Correspondence to Billy Tsai: btsai{at}umich.edu

Misfolded proteins in the endoplasmic reticulum (ER) are retained in the organelle or retrotranslocated to the cytosol for proteasomal degradation. ER chaperones that guide these opposing processes are largely unknown. We developed a semipermeabilized cell system to study the retrotranslocation of cholera toxin (CT), a toxic agent that crosses the ER membrane to reach the cytosol during intoxication.
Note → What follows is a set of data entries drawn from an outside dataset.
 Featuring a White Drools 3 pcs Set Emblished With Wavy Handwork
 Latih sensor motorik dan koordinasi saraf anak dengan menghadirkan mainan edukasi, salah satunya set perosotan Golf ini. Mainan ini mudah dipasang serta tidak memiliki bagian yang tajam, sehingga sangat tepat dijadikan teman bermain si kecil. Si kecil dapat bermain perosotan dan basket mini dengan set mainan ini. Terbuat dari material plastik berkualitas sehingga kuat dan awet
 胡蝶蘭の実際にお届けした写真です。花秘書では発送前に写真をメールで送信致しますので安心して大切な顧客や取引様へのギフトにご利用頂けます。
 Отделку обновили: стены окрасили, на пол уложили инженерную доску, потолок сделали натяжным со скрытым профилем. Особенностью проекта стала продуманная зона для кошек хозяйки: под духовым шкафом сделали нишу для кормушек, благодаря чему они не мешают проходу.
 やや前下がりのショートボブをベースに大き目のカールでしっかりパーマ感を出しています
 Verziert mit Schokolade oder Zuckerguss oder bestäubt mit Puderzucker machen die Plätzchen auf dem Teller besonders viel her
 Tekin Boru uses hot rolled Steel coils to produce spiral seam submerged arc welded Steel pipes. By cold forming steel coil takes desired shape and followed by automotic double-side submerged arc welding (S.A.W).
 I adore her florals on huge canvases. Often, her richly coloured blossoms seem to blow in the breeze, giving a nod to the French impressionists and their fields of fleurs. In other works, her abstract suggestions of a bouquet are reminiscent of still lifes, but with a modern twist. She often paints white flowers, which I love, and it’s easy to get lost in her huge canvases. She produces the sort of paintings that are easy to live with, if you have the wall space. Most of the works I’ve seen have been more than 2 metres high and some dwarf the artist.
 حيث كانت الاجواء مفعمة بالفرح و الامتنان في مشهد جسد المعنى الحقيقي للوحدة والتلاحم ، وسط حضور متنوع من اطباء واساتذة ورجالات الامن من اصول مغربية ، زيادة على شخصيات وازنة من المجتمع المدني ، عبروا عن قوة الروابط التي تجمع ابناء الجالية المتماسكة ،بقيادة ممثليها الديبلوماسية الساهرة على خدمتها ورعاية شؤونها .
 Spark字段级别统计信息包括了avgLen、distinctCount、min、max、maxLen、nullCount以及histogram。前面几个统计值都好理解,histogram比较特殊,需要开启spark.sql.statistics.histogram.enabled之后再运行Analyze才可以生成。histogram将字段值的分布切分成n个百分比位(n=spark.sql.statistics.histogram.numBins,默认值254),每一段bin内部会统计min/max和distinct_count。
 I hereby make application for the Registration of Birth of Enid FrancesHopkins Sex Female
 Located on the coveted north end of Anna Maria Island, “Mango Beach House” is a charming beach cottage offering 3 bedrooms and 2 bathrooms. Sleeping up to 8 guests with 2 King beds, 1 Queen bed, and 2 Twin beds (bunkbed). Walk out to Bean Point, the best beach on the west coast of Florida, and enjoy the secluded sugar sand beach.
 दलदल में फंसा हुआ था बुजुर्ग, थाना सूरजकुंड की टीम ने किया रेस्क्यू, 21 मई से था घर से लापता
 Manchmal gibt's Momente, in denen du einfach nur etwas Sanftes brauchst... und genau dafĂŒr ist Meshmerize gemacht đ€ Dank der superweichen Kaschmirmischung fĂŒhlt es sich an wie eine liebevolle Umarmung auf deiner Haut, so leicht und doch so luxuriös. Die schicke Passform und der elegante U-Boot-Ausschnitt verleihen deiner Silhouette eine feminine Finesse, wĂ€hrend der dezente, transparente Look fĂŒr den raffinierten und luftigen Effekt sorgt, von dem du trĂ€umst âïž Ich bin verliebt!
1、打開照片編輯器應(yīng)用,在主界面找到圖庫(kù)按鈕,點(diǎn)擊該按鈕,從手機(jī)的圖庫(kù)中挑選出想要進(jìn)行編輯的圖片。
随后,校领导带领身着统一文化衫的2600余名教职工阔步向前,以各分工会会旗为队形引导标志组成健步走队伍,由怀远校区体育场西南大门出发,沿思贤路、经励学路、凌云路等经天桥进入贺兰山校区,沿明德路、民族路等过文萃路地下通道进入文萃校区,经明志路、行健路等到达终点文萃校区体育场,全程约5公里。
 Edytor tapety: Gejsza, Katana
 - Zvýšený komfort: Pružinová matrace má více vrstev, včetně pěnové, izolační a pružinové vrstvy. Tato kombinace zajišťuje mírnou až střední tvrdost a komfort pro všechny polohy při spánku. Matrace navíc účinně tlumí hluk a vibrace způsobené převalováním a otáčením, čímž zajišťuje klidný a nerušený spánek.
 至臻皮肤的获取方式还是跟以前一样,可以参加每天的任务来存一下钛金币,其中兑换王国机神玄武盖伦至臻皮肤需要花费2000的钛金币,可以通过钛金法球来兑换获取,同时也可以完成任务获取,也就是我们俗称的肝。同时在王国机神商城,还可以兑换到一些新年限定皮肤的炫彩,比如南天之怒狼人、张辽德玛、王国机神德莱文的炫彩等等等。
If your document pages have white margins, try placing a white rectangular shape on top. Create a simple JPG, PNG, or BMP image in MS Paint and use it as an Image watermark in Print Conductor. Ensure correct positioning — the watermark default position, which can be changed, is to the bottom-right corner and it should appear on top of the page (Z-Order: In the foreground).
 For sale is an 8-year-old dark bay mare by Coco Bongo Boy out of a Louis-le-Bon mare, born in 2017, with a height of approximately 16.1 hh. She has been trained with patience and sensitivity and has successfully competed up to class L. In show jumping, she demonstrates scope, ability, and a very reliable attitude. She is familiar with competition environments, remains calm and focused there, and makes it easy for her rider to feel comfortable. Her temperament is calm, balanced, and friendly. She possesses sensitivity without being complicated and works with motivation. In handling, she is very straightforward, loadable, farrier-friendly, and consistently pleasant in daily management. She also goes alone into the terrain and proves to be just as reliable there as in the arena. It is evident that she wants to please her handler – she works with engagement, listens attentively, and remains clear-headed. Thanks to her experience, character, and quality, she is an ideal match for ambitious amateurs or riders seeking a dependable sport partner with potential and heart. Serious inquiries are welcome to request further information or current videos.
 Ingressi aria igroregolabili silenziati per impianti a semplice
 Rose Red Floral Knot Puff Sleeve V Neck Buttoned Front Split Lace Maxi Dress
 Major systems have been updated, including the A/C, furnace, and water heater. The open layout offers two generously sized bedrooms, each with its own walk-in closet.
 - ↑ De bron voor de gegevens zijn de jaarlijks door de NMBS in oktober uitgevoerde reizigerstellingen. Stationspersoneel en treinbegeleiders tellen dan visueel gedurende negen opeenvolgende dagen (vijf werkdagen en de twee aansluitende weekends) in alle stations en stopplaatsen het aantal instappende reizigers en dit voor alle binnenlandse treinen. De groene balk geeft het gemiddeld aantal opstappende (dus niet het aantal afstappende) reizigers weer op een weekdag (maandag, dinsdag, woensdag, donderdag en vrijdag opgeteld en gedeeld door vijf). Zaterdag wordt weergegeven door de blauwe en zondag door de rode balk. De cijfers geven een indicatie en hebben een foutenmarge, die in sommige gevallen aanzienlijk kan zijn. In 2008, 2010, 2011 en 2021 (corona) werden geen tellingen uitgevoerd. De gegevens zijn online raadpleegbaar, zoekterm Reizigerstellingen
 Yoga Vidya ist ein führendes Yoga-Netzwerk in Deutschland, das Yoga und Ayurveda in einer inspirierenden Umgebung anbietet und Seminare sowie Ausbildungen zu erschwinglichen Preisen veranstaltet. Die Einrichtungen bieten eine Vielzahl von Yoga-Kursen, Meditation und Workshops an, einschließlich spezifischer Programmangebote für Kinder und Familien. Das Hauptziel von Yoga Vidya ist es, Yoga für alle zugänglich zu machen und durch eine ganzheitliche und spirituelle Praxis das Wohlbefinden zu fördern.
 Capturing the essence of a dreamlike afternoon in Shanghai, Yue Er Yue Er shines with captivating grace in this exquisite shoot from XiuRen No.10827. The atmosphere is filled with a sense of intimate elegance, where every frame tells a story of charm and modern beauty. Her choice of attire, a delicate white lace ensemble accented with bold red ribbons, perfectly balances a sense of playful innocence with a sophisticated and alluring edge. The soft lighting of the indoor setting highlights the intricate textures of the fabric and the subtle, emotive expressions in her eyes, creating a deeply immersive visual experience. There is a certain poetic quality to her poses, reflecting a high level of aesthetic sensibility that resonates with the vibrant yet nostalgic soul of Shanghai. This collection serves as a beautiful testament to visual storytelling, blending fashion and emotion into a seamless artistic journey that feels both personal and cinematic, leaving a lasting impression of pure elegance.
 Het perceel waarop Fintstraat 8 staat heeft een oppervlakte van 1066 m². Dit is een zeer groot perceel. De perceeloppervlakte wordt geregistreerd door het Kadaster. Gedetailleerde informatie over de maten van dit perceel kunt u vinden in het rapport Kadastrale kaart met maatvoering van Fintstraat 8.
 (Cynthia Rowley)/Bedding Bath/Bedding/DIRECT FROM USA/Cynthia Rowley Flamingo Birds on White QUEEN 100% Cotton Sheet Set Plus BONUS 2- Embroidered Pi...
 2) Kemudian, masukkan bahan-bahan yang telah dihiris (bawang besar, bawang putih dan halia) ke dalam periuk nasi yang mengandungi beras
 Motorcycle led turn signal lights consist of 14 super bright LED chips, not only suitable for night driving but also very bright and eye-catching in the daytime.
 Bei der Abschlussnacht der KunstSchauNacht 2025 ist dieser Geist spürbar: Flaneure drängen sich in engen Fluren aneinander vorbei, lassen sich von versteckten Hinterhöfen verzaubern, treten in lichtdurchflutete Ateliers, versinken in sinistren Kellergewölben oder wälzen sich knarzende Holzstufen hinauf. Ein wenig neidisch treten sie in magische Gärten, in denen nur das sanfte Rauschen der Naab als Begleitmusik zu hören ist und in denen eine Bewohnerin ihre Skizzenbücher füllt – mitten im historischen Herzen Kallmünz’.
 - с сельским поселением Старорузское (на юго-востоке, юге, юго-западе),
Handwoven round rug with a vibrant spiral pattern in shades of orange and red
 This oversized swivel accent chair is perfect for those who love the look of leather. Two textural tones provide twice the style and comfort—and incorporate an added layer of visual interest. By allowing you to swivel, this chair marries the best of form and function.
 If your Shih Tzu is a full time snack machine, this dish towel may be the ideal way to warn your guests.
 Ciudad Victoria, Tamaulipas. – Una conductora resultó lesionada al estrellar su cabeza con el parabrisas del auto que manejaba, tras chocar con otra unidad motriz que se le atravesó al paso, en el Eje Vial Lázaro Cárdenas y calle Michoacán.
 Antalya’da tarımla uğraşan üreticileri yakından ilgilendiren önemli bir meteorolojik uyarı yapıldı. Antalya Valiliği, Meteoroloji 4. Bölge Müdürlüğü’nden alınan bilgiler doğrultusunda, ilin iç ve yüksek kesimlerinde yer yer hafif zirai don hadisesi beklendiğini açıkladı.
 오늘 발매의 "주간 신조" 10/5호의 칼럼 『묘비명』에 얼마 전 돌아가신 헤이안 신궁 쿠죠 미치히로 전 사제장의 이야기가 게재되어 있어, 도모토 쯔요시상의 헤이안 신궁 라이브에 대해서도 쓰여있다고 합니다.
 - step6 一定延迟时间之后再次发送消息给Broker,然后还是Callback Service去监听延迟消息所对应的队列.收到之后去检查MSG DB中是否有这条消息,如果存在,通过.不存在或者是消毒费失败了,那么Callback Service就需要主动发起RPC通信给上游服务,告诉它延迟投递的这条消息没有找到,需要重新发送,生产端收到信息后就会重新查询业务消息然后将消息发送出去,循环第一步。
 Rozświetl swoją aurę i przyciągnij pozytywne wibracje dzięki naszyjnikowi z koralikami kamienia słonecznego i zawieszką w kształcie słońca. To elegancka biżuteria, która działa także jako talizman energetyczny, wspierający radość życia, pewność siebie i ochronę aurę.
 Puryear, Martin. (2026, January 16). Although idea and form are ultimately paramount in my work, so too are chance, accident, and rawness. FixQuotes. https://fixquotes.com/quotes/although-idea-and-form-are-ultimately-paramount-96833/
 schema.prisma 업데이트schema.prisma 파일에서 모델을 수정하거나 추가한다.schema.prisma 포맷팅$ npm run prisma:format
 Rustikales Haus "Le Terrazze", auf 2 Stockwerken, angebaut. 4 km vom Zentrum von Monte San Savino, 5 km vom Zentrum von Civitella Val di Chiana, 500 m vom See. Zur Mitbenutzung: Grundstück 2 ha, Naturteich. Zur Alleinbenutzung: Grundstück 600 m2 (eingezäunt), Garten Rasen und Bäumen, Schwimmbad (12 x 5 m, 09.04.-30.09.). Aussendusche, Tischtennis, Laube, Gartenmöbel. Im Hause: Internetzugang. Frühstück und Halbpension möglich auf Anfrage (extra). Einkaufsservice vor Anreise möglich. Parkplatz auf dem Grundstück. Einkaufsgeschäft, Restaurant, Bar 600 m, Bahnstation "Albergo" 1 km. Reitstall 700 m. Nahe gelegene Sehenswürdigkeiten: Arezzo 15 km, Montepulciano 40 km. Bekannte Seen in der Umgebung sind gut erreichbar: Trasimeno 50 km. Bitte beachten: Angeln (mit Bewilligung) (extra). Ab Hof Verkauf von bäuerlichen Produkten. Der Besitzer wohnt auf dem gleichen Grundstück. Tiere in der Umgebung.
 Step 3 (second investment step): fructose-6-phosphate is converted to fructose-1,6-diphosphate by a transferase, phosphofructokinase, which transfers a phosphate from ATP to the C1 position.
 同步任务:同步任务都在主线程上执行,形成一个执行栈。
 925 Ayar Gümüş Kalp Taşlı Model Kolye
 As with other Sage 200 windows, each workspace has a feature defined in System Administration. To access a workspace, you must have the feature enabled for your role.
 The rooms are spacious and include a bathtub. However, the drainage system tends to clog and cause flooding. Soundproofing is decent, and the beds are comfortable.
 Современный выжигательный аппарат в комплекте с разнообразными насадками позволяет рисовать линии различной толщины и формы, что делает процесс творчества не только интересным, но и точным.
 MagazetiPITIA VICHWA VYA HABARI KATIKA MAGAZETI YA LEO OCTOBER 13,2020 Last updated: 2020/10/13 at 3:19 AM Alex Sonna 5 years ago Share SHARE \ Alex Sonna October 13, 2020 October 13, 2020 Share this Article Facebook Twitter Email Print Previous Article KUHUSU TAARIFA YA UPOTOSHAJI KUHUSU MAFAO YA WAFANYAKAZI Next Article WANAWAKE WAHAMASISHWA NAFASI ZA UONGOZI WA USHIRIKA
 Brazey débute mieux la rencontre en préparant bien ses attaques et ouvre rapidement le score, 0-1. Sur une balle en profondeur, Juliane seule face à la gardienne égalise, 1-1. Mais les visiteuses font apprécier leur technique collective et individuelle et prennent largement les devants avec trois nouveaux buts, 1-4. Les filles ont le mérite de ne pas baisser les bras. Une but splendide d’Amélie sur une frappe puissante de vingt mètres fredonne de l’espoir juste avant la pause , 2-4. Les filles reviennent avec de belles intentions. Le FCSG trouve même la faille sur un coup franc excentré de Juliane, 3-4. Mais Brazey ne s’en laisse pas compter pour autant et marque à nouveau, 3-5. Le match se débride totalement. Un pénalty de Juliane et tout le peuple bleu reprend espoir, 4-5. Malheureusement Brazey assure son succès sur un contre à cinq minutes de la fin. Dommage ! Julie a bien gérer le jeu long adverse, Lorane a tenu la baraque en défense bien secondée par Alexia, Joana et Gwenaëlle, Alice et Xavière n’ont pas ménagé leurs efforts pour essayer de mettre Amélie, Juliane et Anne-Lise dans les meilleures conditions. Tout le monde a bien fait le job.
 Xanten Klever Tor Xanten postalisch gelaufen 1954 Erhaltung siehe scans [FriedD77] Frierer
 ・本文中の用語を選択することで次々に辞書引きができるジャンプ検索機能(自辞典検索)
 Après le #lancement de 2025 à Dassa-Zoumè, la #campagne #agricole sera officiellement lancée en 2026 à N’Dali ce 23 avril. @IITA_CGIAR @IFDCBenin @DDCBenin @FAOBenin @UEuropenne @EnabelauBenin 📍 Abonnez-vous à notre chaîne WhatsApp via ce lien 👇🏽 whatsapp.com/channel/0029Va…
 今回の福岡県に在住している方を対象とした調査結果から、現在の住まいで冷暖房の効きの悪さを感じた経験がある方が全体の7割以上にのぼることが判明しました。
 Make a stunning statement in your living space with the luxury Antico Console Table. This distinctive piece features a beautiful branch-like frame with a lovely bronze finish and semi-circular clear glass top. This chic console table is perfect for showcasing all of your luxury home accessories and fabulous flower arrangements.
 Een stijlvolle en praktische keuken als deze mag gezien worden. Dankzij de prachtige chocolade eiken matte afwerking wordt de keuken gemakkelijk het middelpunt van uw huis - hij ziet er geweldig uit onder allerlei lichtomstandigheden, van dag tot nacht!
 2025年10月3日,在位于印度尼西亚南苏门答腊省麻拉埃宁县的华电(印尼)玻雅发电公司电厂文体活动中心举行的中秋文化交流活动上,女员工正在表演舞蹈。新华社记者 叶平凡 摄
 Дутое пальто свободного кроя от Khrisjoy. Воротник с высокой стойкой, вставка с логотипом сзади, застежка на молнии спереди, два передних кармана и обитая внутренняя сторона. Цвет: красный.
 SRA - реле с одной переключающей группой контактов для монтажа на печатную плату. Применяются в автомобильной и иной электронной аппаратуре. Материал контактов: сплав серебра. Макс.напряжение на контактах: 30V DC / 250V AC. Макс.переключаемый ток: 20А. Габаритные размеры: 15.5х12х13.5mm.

We found that protein disulfide isomerase (PDI) facilitates CT retrotranslocation, whereas ERp72, a PDI-like protein, mediates its ER retention. In vitro analysis revealed that PDI and ERp72 alter CT's conformation in a manner consistent with their roles in retrotranslocation and ER retention. Moreover, we found that PDI's and ERp72's opposing functions operate on endogenous ER misfolded proteins. Thus, our data identify PDI family proteins that play opposing roles in ER quality control and establish an assay to further delineate the mechanism of CT retrotranslocation.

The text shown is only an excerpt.